On the cost side, economic times app advertising and website advertising are often packaged together in direct buys, but when bought separately through programmatic channels, app inventory can sometimes be acquired at a slight discount to premium desktop placements — though this gap has been narrowing as mobile-first consumption has become the norm rather than the exception. The IAMAI (Internet and Mobile Association of India) has consistently reported that mobile now accounts for the majority of digital content consumption in India, which means that any ET digital advertising strategy that is not primarily optimised for the app and mobile web environment is, frankly speaking, fighting the traffic patterns rather than working with them.

How Does Programmatic Advertising Work on The Economic Times?

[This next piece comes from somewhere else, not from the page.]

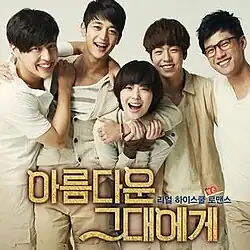 To the Beautiful You (Hangul: 아름다운 그대에게 OST) is the original soundtrack album to the 2012 South Korean television drama series of the same name which aired from August 15 to October 4, 2012 on SBS for 16 episodes. The album contains a total of ten soundtracks, eight of which were released as four A-side and B-side digital singles prior to the full release of the album on September 19, 2012.[1] The album was produced by record label agency S.M. Entertainment while its artists lend their voices for the songs. Additionally, the original score of the series was also included in the album.

Programmatic advertising on ET operates through the Times Internet supply-side infrastructure, which makes ET inventory available to advertisers through major DSP platforms — meaning that brands can access ET ad placements through their existing programmatic buying workflows without necessarily going through a direct sales relationship. The mechanics are standard: an advertiser sets up a campaign on a DSP, defines audience parameters and bid floors, and the system automatically purchases impressions on ET when a qualifying user visits the platform and the bid clears the floor price. The CPM rates in programmatic environments tend to be somewhat lower than direct-sold inventory, often in the range of ₹150 to ₹300 for standard display formats, though premium placements and audience-targeted segments can push that higher.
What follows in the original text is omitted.